[Collection entries]
************

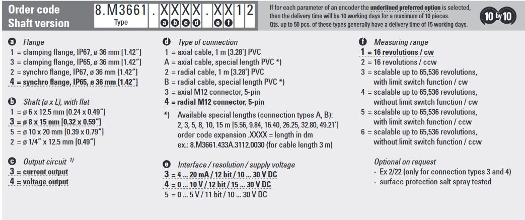 Encoders Absolute multiturn Sendix M3661; 8.M3661.XXXX.XX12 // Resilient Wear-free Magnetic – robust Dimension Ø 36 mm 16 bits multiturn Max 10 mm shaft,...
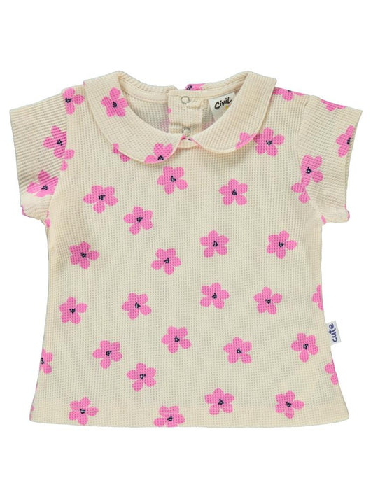 Civil baby çiçek empirmeli 6-18 ay tişört - fil dişi
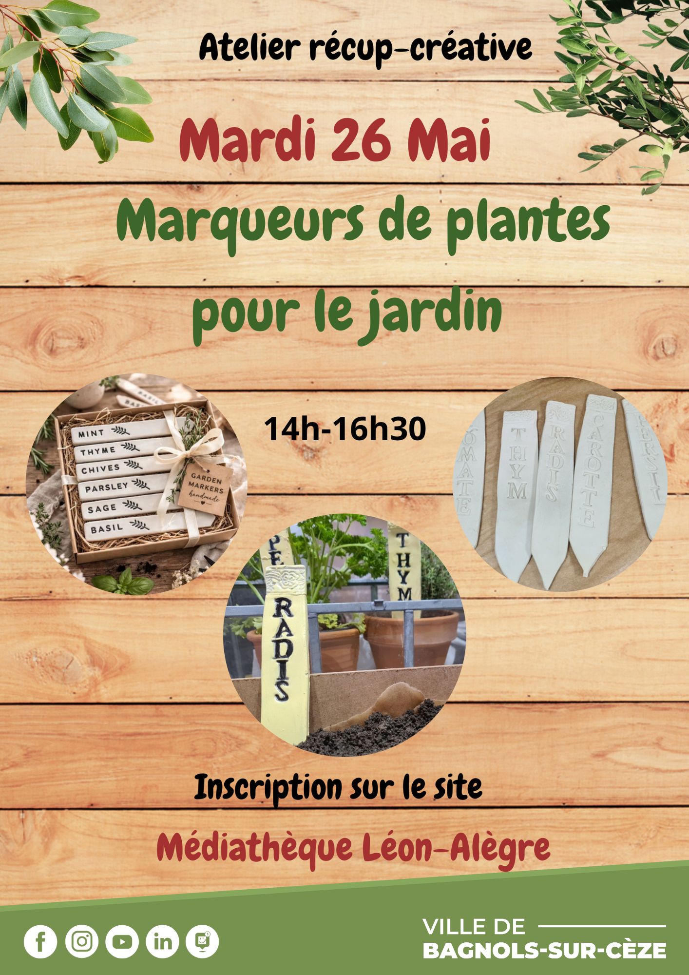 La médiathèque propose un atelier récup’, le mardi 26 mai, à 14 heures, pour apprendre à réaliser de jolis marqueurs de jardin en argile pour les plantes aromatiques ou les plantations.
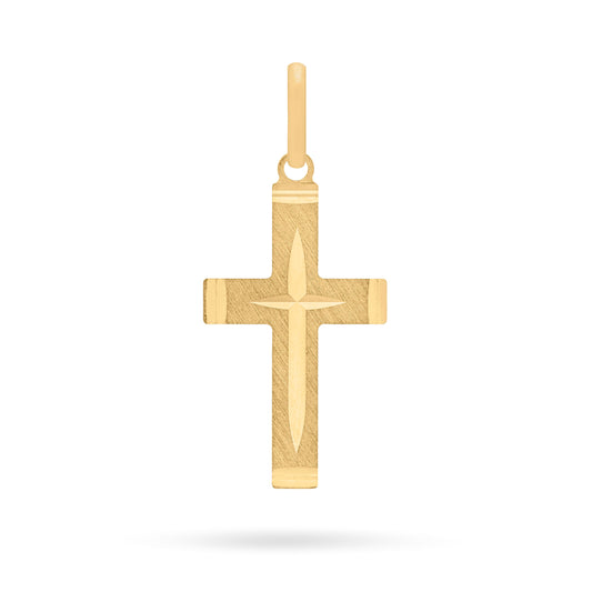 Croce Pendente in Argento Placcato Oro Spazzolato Con Estremi E Interno Lucidi
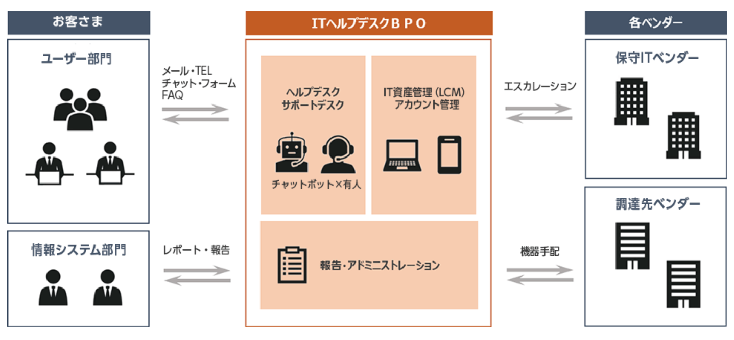 クラウド型ヘルプデスクBPOサービス。オフサイト提供、チャットボット対応。

************

__Exercise directions__.
With the pictures omitted, print each line of the data above precisely as given.

__Solution__.
 Encoders Absolute multiturn Sendix M3661; 8.M3661.XXXX.XX12 // Resilient Wear-free Magnetic – robust Dimension Ø 36 mm 16 bits multiturn Max 10 mm shaft,...
 Civil baby çiçek empirmeli 6-18 ay tişört - fil dişi
 La médiathèque propose un atelier récup’, le mardi 26 mai, à 14 heures, pour apprendre à réaliser de jolis marqueurs de jardin en argile pour les plantes aromatiques ou les plantations.
 Croce Pendente in Argento Placcato Oro Spazzolato Con Estremi E Interno Lucidi
 クラウド型ヘルプデスクBPOサービス。オフサイト提供、チャットボット対応。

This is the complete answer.